Christian Adolf Hermann Löhlein (26 May 1847 in Coburg – 25 November 1901) was a German obstetrician and gynecologist.

In 1870, he obtained his medical doctorate following studies at the universities of Jena and Berlin. Afterwards he spent several years at Berlin as an assistant in the clinic of Eduard Arnold Martin (1809–1875). From 1875 to 1888, he was a lecturer in obstetrics and gynecology in Berlin, followed by a professorship at the University of Giessen.
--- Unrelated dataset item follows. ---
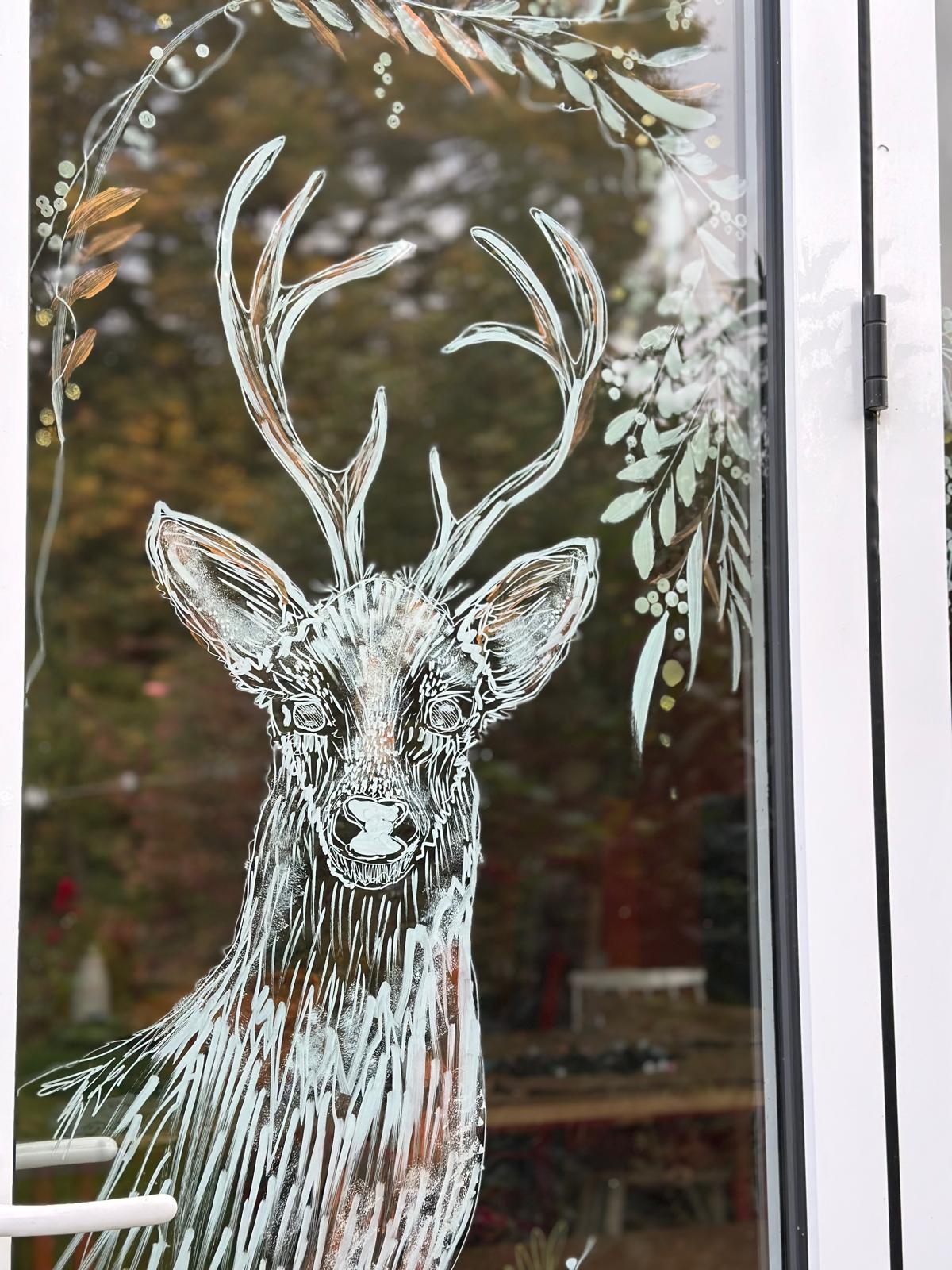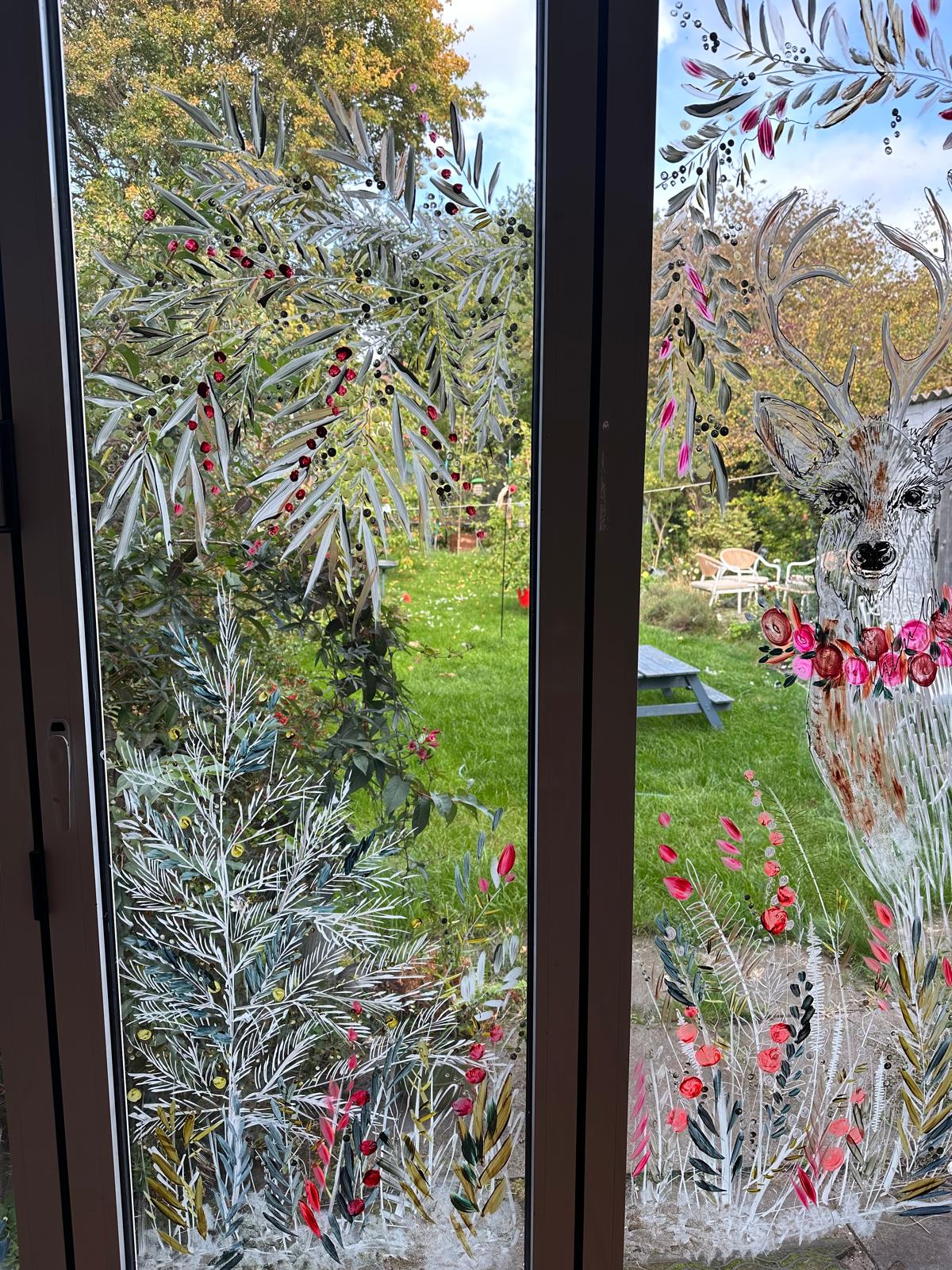 We have created 3 different styles of painting with one template. For a simple look use all white chalk pens, to add a bit of Christmas sparkle do all white and gold, or go for lots of colour, adding your own flourishes in chalk pens, Acrylic and emulsion paints.

Here he was successor to Max Hofmeier (1854–1927) as chair of OB/GYN, becoming university rector in 1898. At Giessen he was also editor of the Gynäkologische Tagesfragen (Gynecological issues of the day).

== Principal writings ==
- Über das Verhalten des Herzens bei Schwangern und Wöchnerinnen, 1876 – On the behavior of the heart in pregnant women and in new mothers.
- Ovarialtumoren und Ovariotomie in Schwangerschaft, Geburt und Wochenbett, 1895 – Ovarian tumors and ovariotomy in pregnancy, birth and postpartum.
- Leistungen und Aufgaben der geburtshülflichen Institute im Dienst der Humanität, 1899 – Services and tasks of obstetric institutions in serving humanity.
- Zur Lehre vom durchweg zu engen Becken – Doctrine of the consistently too narrow pelvis.